Fair Isaac Corp. (FICO) said that it would be changing the way it calculates credit scores by tweaking included parameters. By taking into consideration bills that have already been settled, credits scores can go up, improving an individual's shot at being allowed to take out a loan.
FICO announced that it would be taking a consumer's failure to pay a bill, if the bill has been settled with a collection agency, out of the equation when calculating credit scores while at the same time reducing the weight that unpaid medical bills have. Records from as far back as seven years are factored in when determining credit scores and this has left many with low ratings despite having already settled their dues.

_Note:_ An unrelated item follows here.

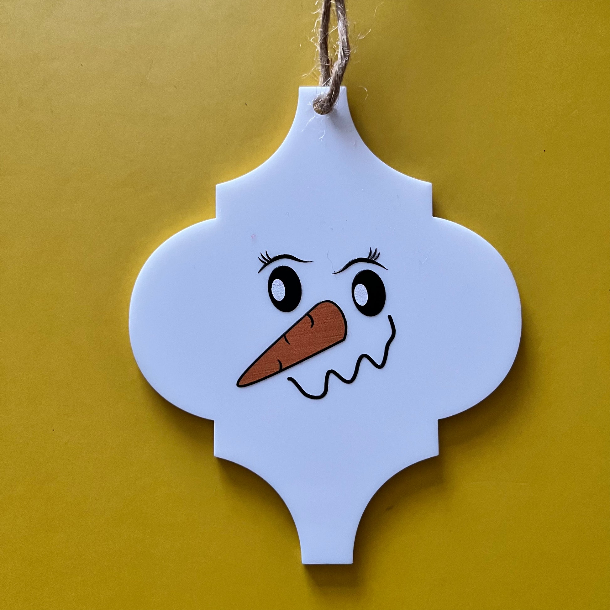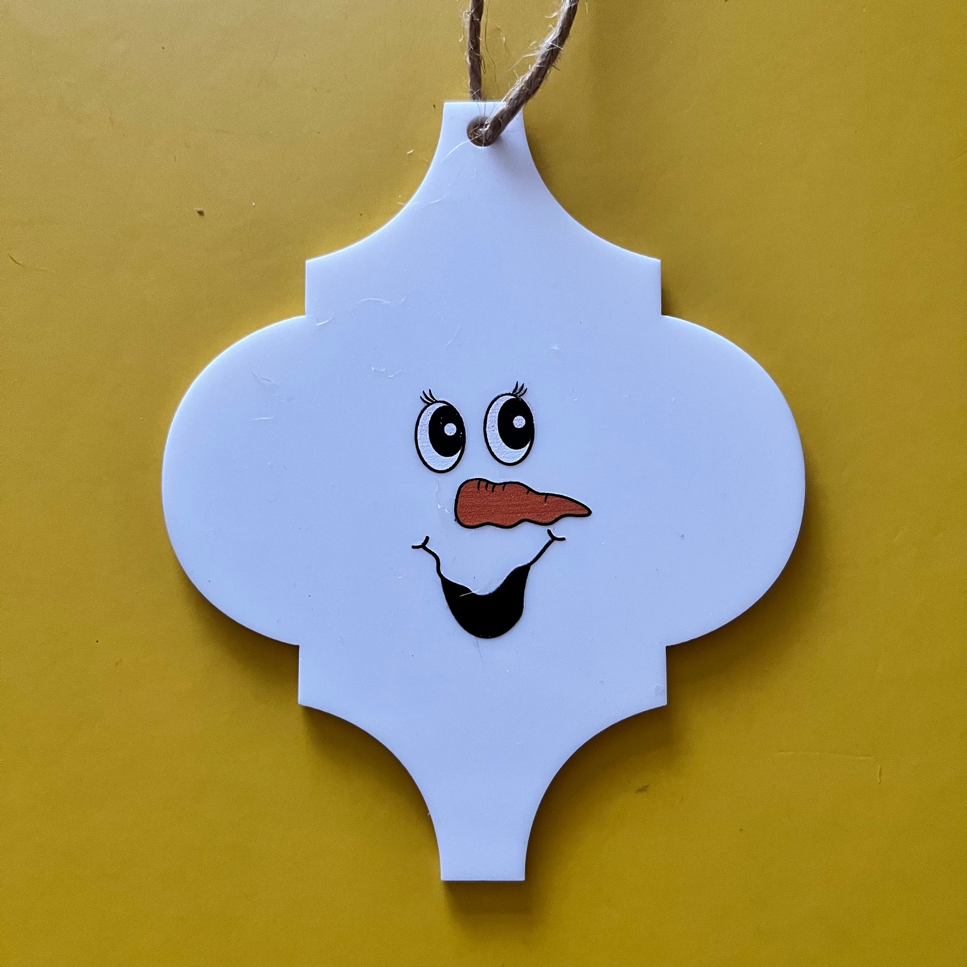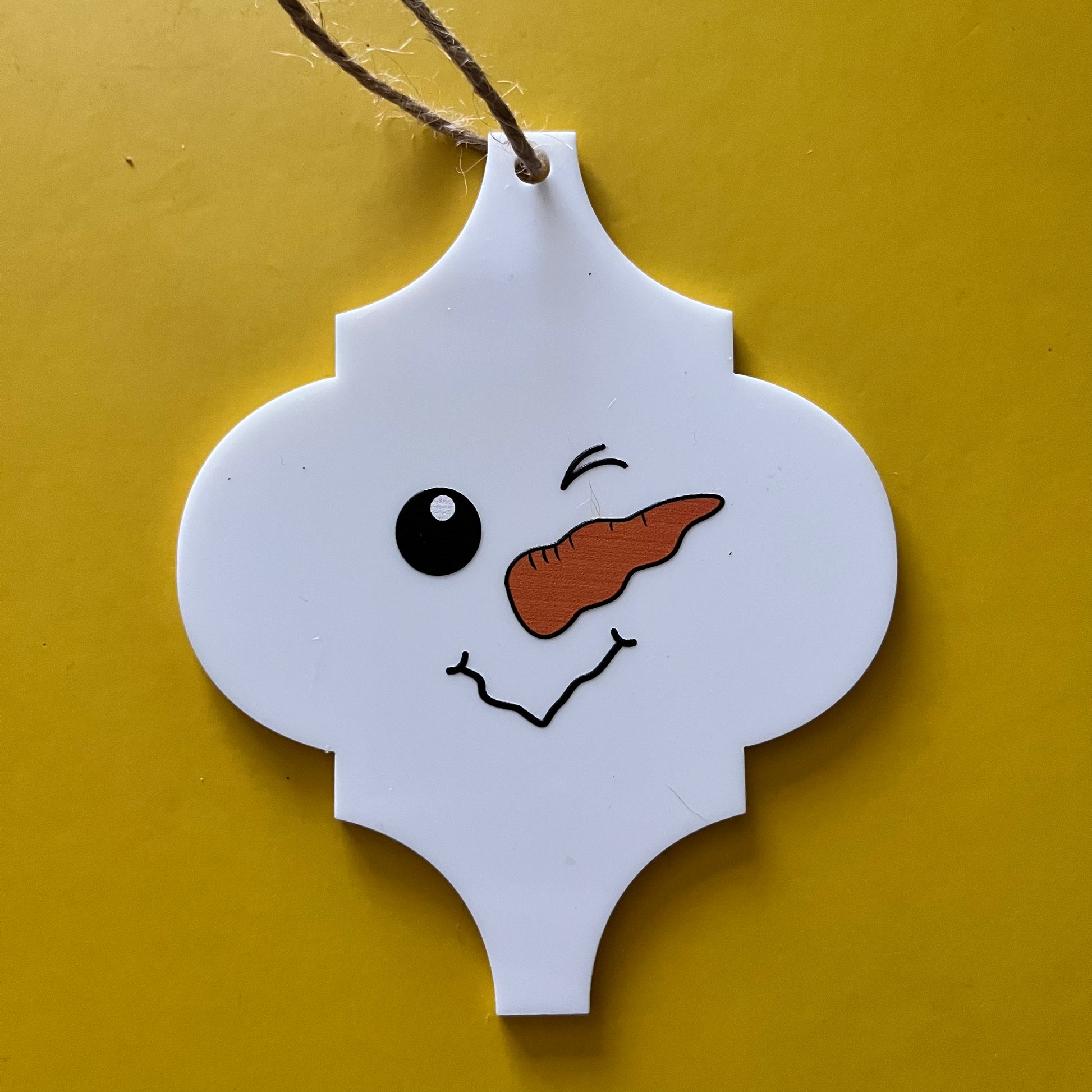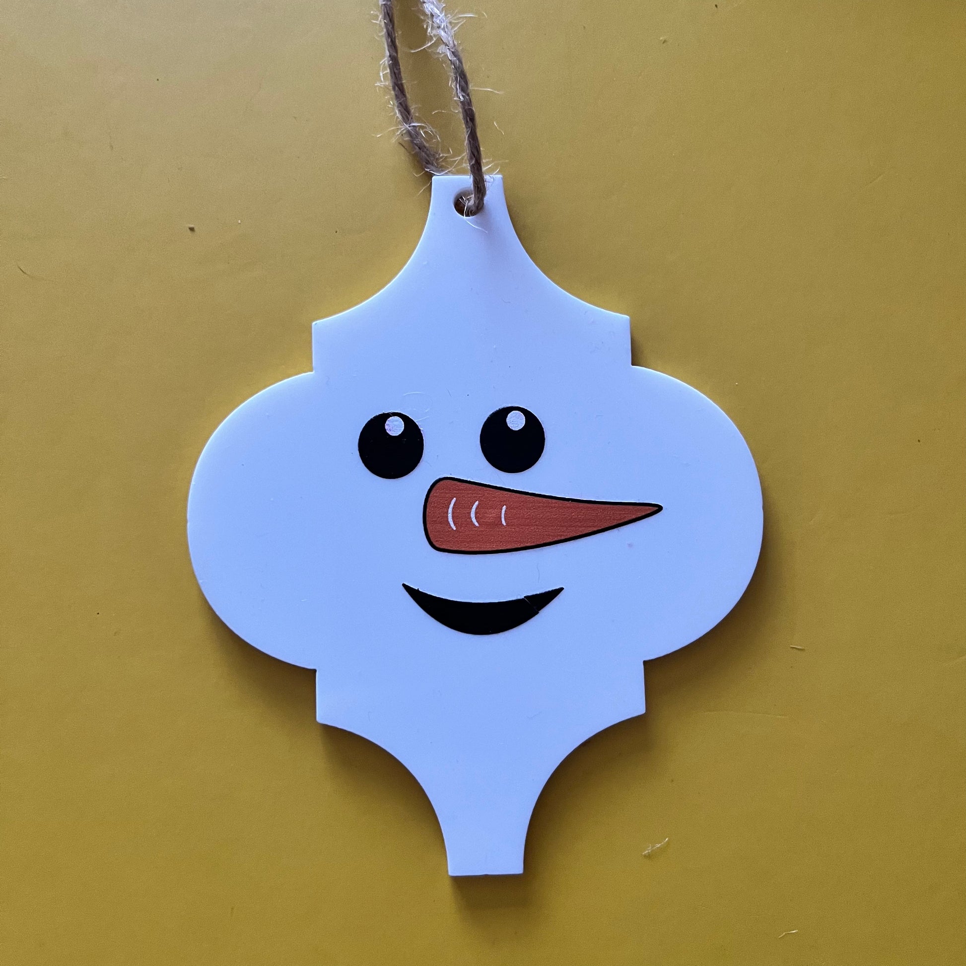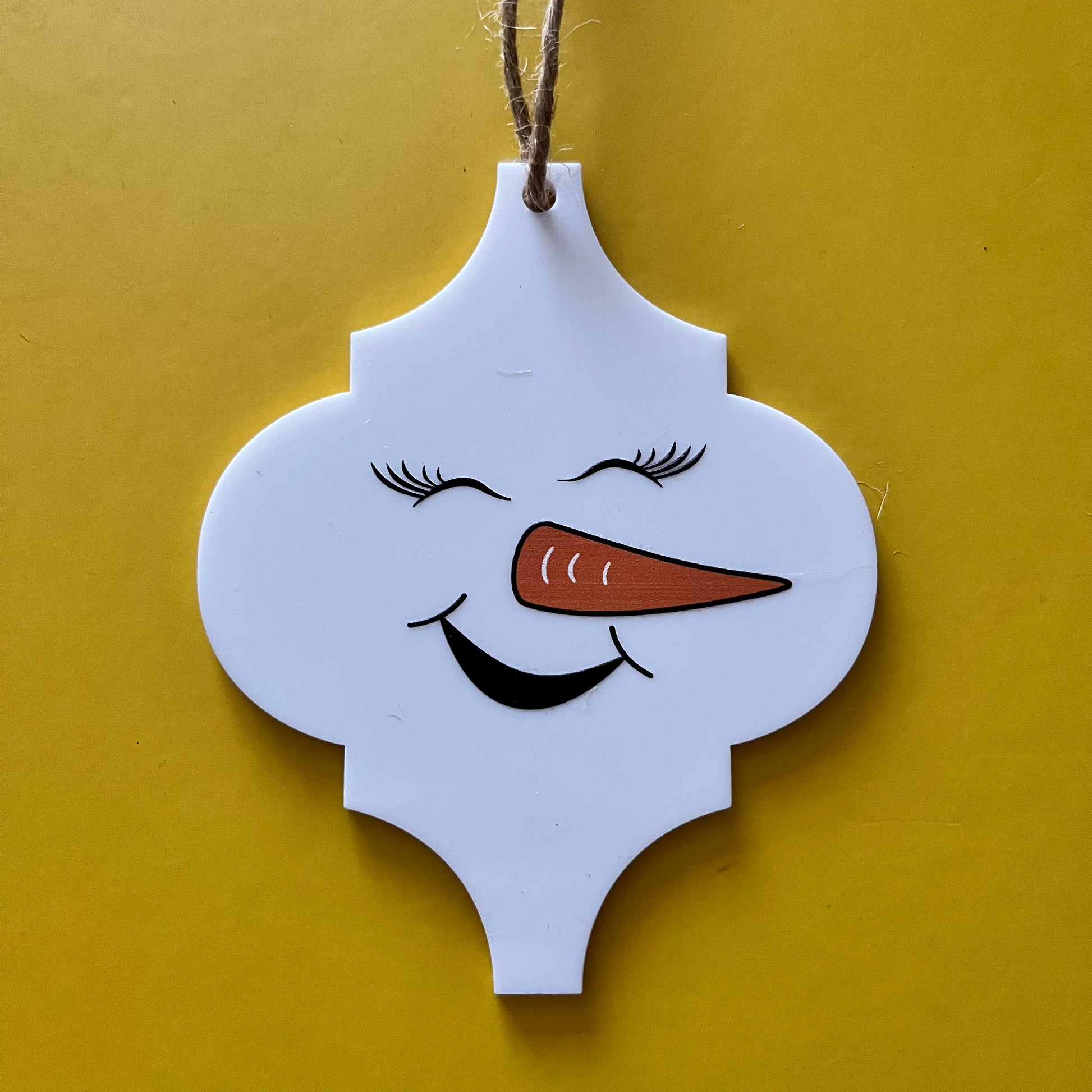 These acrylic Arabesque shaped tree decorations feature a series of Snowman/Snowlady faces . They measure approx 100x125x2mm.

The change is expected to boost lending, especially for borrowers who have been either denied or given high interest rates because of low credit scores. Medical collection affects credit reports for around 64.3 million U.S. Consumers, according to credit bureau Experian.
The new scoring system can increase credit scores by up to 25 points when only unpaid medical debts tarnish an otherwise good credit history. Ranging from 300 to 850 points, credit scores are calculated by using information from Experian, Equifax and Transunion, the three major credit bureaus in the U.S. According to research from the CEB Tower Group, about 90% of the time FICO scores are used to determine loan decisions.
John Ulzheimer, Credit Sesame credit expert and former FICO employee, said that the new system will not really affect whether a loan is approved or denied but rather will determine the kind of rate consumers are given.
"It takes a long time for credit scoring systems to achieve critical mass. It takes years for lenders to gravitate from older versions to newer versions. The changes will only help consumers in as much as the lenders they apply with actually use that new score," he adds.
Fannie Mae, for instance, is one of the many financial institutions that are using the older FICO system, and spokesman Pete Bekel has said that the company is confident in what it uses to as standards to determine if loans should eligible for purchase. The FICO 8 came out in 2008.
FICO's new credit scoring system is the result of the company addressing concerns from regulators and lenders about the prominent role of medical debt in collections. Two years of worth of consumer data were studied and it was determined that unpaid medical debt is not a clear credit risk indicator, prompting the change in the credit scoring system.
Called FICO 9, the new scoring system will roll out later this year.